Что касается ситуации до эпохи оттепели, то она была монологической. Личностные проявления в ней регламентировались государственными установками, что и позволяет называть всю эту эпоху новым классицизмом. Смеховая культура и личностные реакции могли проявляться лишь в том случае, если они не противоречили безличной государственной установке. Но поскольку они, как правило, противоречили, то они вытеснялись на периферию. Так, например, смеховая стихия практически существовала лишь в формах постфольклора, т.е. в анекдотах. Но, лишаясь этих стихий, искусство умирает. В эпоху тоталитарного государства все эти проявления существовали на маргинальном положении. К ним-то и обратился М. Бахтин, демонстрируя их значимость на всем протяжении истории культуры и пытаясь обнаружить их корни в уже не существующих культурах. Вывод Бахтина такой: отрыв от таких корней, исключение карнавальных и диалогических традиций неизбежно обедняет функционирование культуры и, в общем, приводит к ее кризису и распаду. Бахтин не выводил свои суждения из эмпирически наблюдаемых фактов искусства своей эпохи. Да эти факты, видимо, и не дали бы ему возможности проиллюстрировать свои идеи. Он фиксировал то, что в этой эпохе отсутствует, но что должно было бы иметь место. Это «что» он находил в романах Рабле и Достоевского.  
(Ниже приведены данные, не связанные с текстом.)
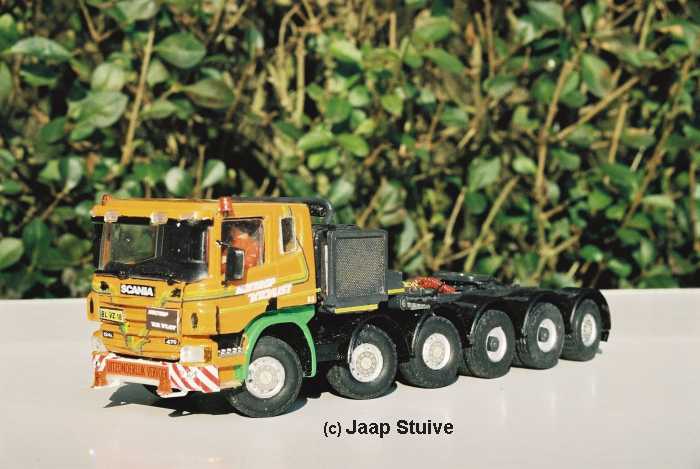 Scania sechsachs Zugmaschine mit Nooteboomtieflader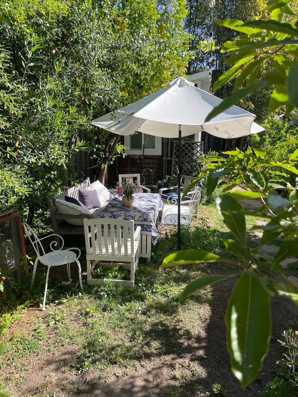 Recentment pintada, la nostra tranquil·la, segura, molt neta i pintoresca caseta d'hostes d'estil mediterrani està situada en un pati ajardinat sota una sequoia i només és adequada per a 1 hoste. Pots caminar còmodament fins als cafès del barri de Midtown, als grans restaurants i als mercats. Accedeix ràpidament al campus de Stanford, a les empreses de Silicon Valley, a les zones comercials de San Antonio i a l'estació de Caltrain de California Ave amb cotxe. Pots gaudir del nostre pati, fer una migdiada a l'hamaç o treballar al pati amb accés a la wifi.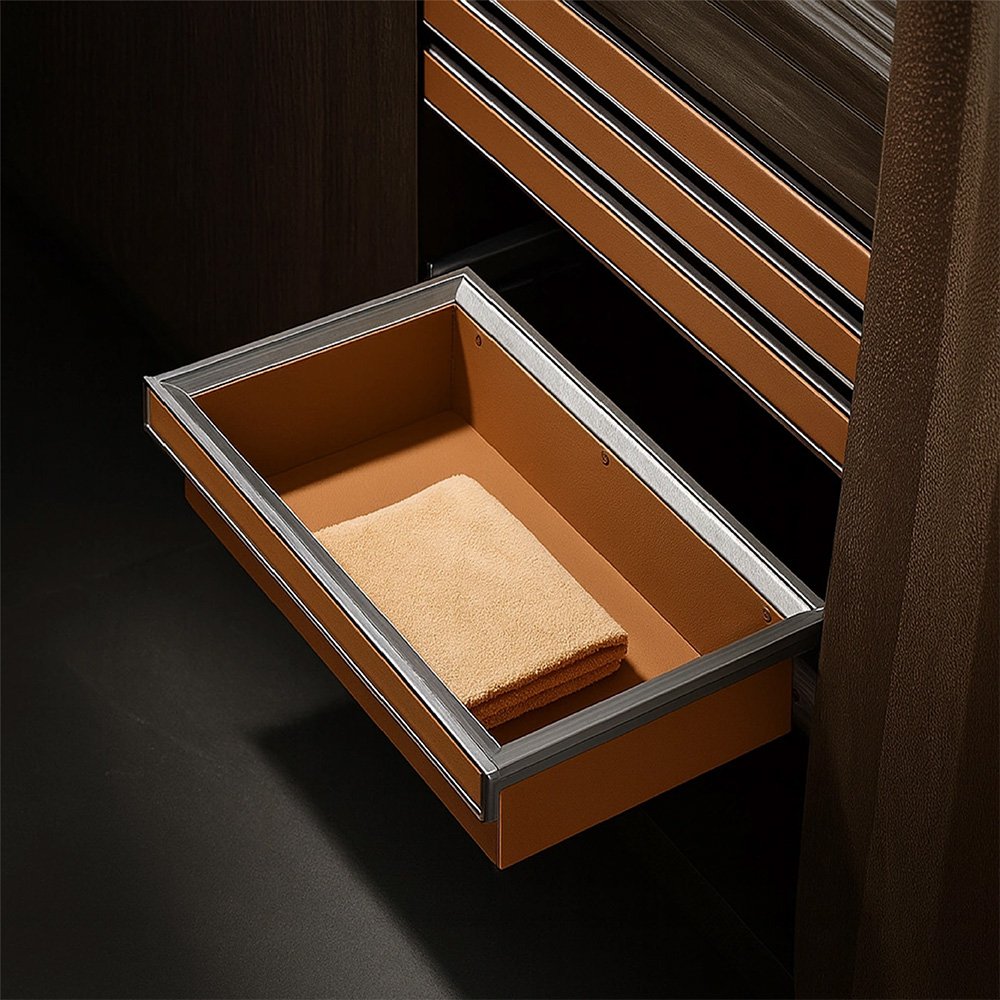 أضف لمسة من الفخامة والتنظيم إلى خزانة ملابسك مع درج داخلي سحاب مبطن بالجلد – موديل A014.

Любопытно, что интерес к Достоевскому характерен также и для Лукача, который после первой мировой войны работал над книгой о Достоевском, хотя она не была закончена. Как пишет С. Земляной, фрагмент из этой книги должен был войти в ранний труд Лукача «Теория романа» [9]. Однако все же не был опубликован и много десятилетий пролежал в архиве.  

Собственно, можно утверждать, что Бахтин спрогнозировал и, в общем, осмыслил политическую катастрофу, последовавшую уже после его смерти. Но все это прочитывается, разумеется, в его работах между строк.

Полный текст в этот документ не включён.